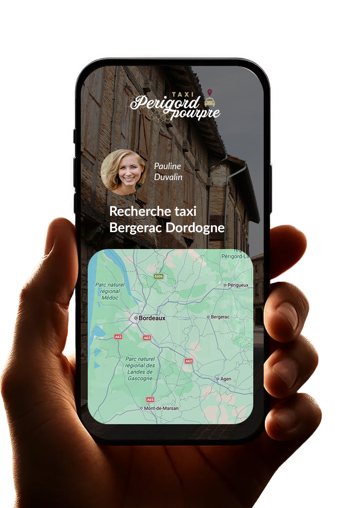 Basé à Saint-Laurent-des-Vignes (24130), à 6 km de Bergerac, Taxi Périgord Pourpre dessert l’ensemble du département de la Dordogne (24) et toute la région Nouvelle-Aquitaine. Nos tarifs incluent toutes distances, de la course locale à Bergerac jusqu’aux grands trajets vers Bordeaux, Toulouse, Limoges ou Paris. English spoken — we welcome British and international visitors to the Périgord.
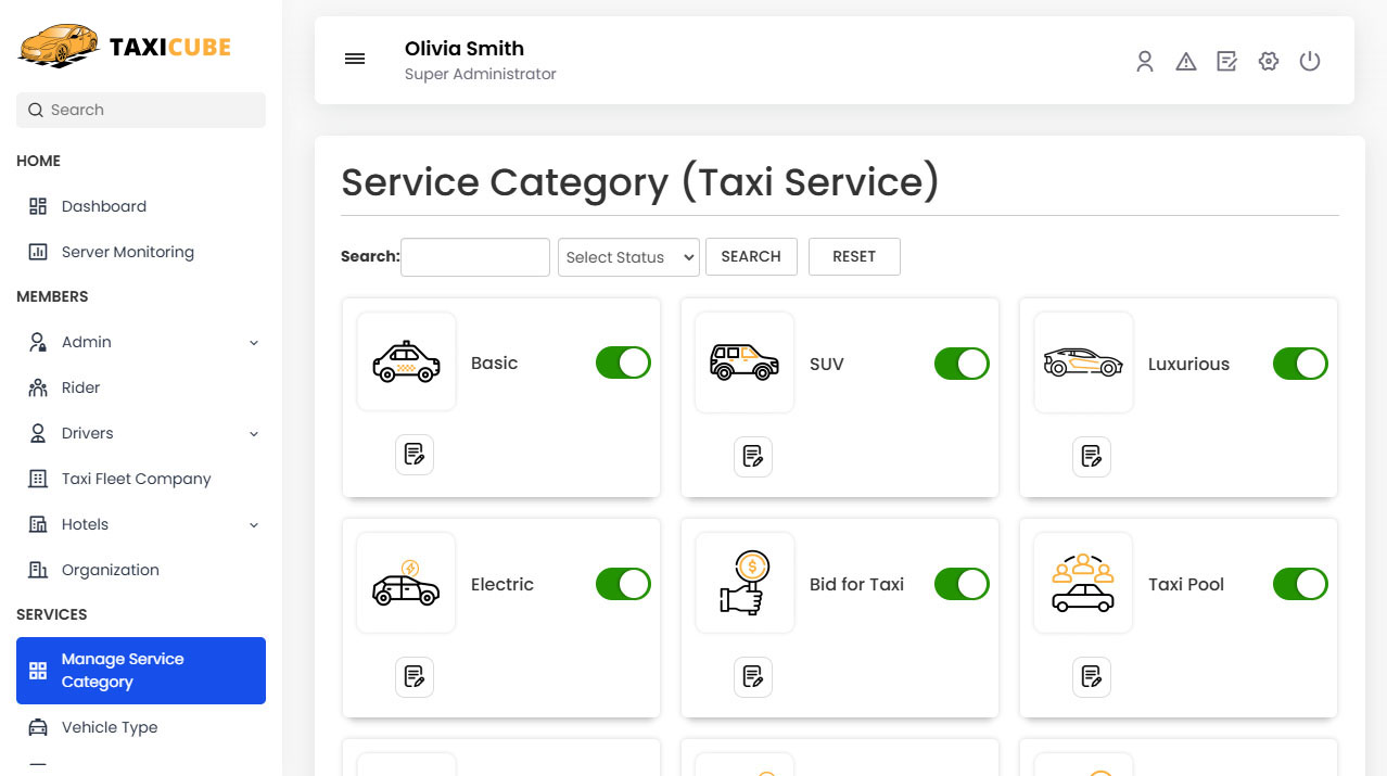 Service CategotyFrom a single dashboard, you, as the app administrator can manage all the taxi services in one go. You can quickly enable and disable the services with easy-to-use toggle controls.
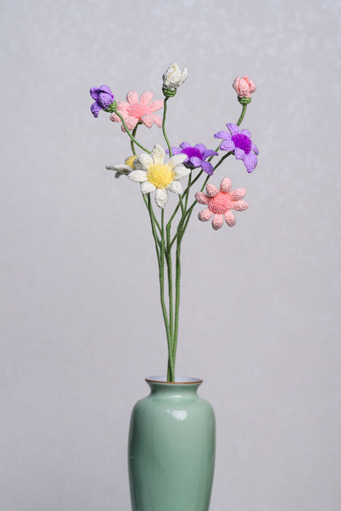 Hand-crocheted Blue Mini Chrysanthemum Flower
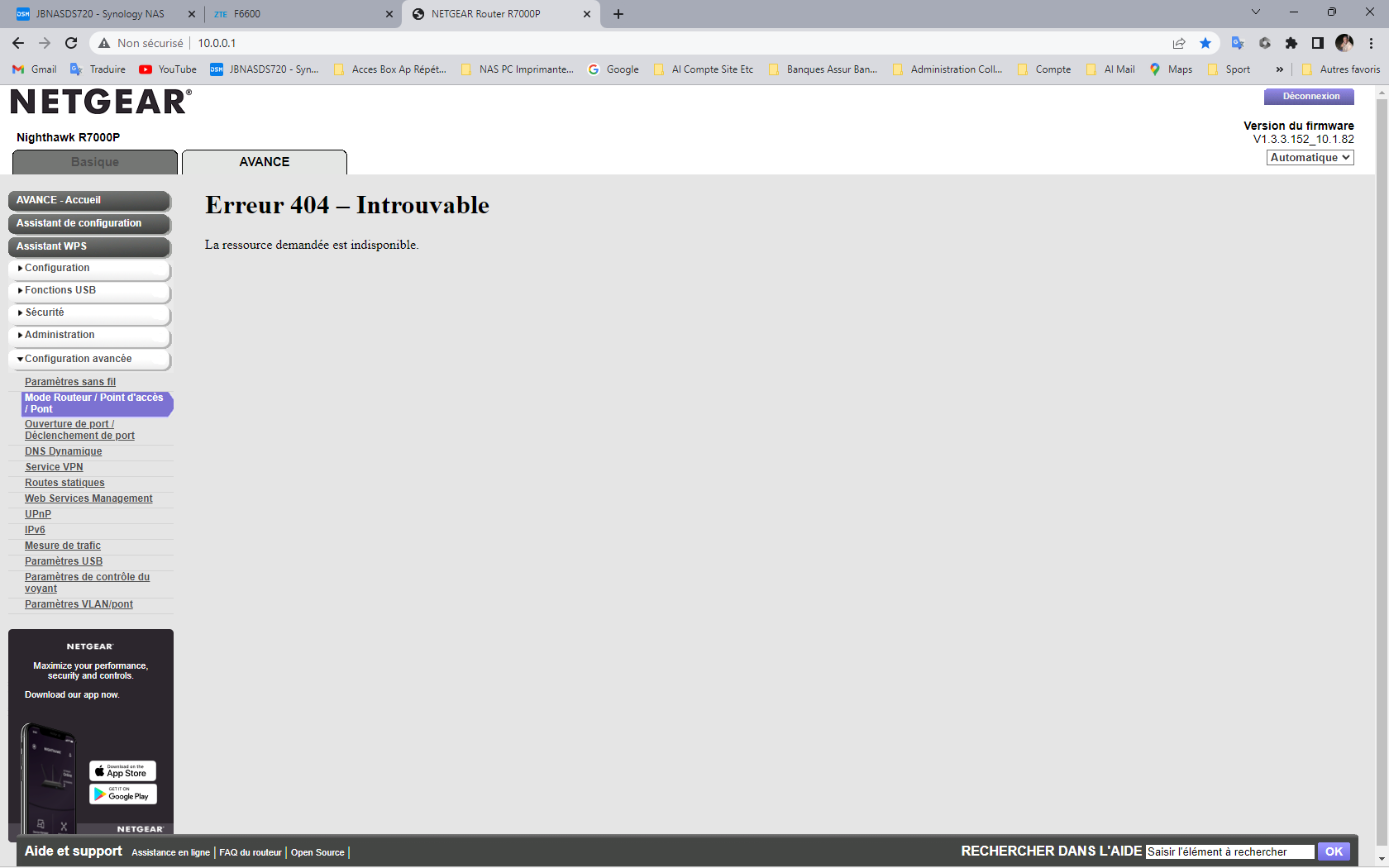 je me connecte sur le reseau du R7000P NETGEAR 52. et dans configuration avancee, j'ai comme choix Mode Routeur/point d'accès /pont
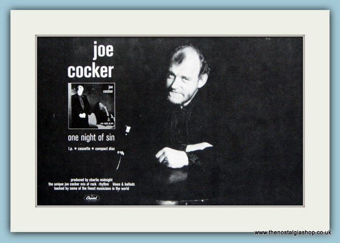 Joe Cocker. One Night Of Sin. Classic original advert 1989. Presented in cream bevel cut mount with backing card. Ready to fit in 12 x 10 inch frame. Want it framing? buy this then go to Frames Available Category. Click to buy on the suitable frame and we will do the rest. All our adverts, unless clearly stated are Originals from the date shown They make excellent pieces of wall art and stunning gifts. Many are rare and hard to find and once sold, may not be replaced. Remember you are buying a piece of history. Website watermark is not on original.
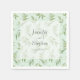 Estes guardanapos de casamento apresentam um padrão botânico de folhas verdes salgadas de cor d'água com um fundo azul-esverdeado pálido. Os nomes da noiva e do noivo e a data do casamento são facilmente trocados para personalizar os guardanapos para o seu dia especial.
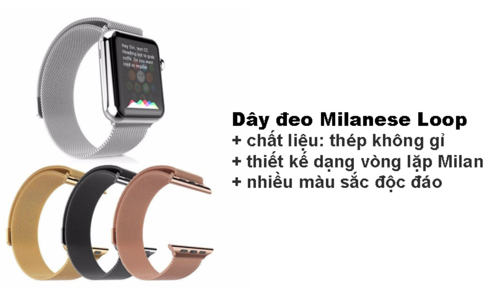 * Nếu việc sử dụng dây đeo cao su của Apple Watch khiến bạn không thoải mái, thì giải pháp cho bạn chính là sử dụng Milanese Loop.
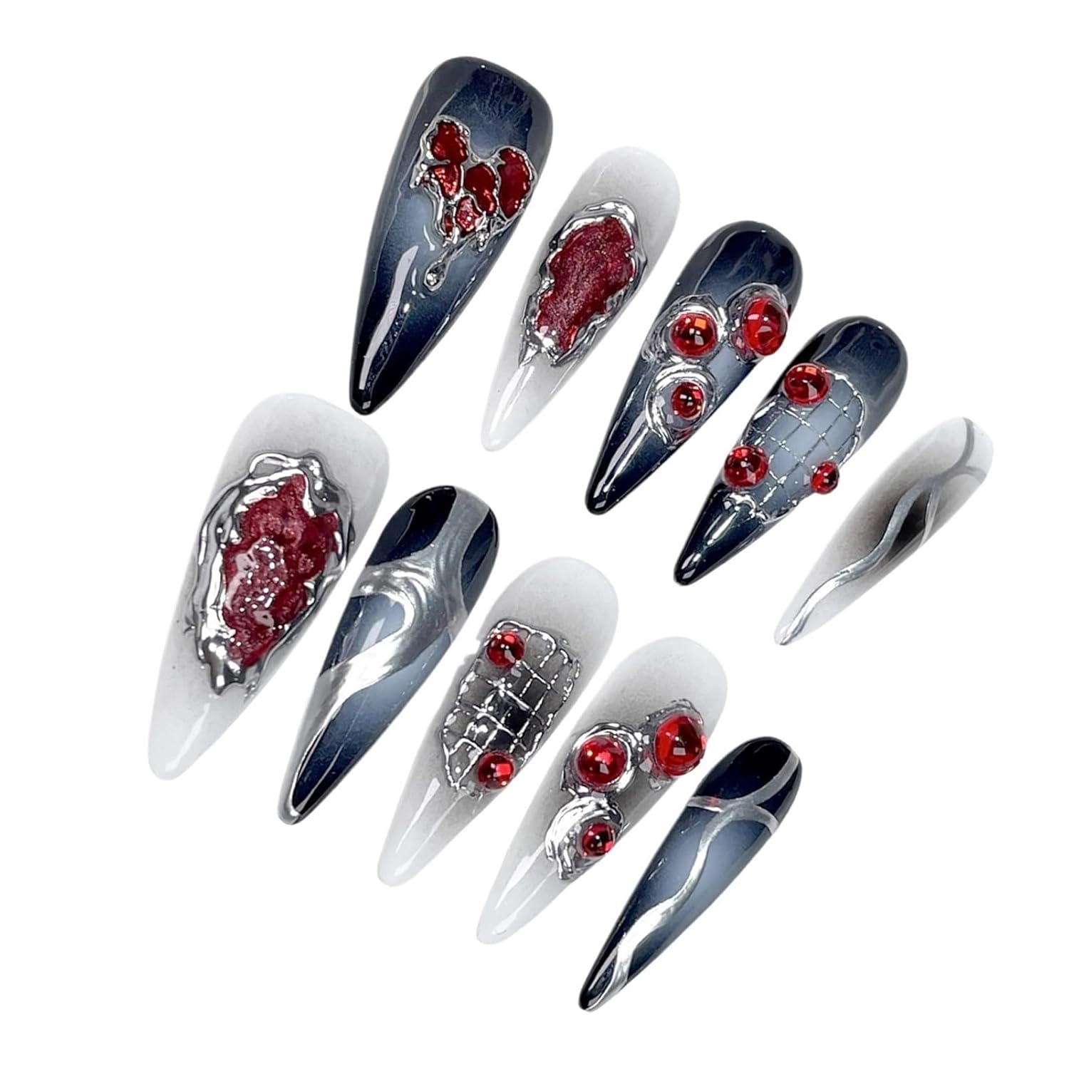 Size,Thumb(mm),Index(mm),Middle(mm),(mm),Pinky(mm)XS,14,10,11,10,8S,15,11,12,11,9,16,12,13,12,10L,17,13,14,13,1110PCS*Artificial Nails1*Nail Files1*Jelly Glue SetMaterial : RESINNumber of Pieces : 10pcs
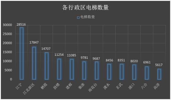 亚洲色吧 12个行政区在用电梯分布情况如下,其中江宁区电梯数量最多28516台;高淳区电梯数量最少5617台。

# Aim of the exercise
Lines from the one that holds "dụng Milanese Loop." through the final line of the material are to be duplicated exactly; no pictures belong in the copy.

# Answer below
 * Nếu việc sử dụng dây đeo cao su của Apple Watch khiến bạn không thoải mái, thì giải pháp cho bạn chính là sử dụng Milanese Loop.
 Size,Thumb(mm),Index(mm),Middle(mm),(mm),Pinky(mm)XS,14,10,11,10,8S,15,11,12,11,9,16,12,13,12,10L,17,13,14,13,1110PCS*Artificial Nails1*Nail Files1*Jelly Glue SetMaterial : RESINNumber of Pieces : 10pcs
 亚洲色吧 12个行政区在用电梯分布情况如下,其中江宁区电梯数量最多28516台;高淳区电梯数量最少5617台。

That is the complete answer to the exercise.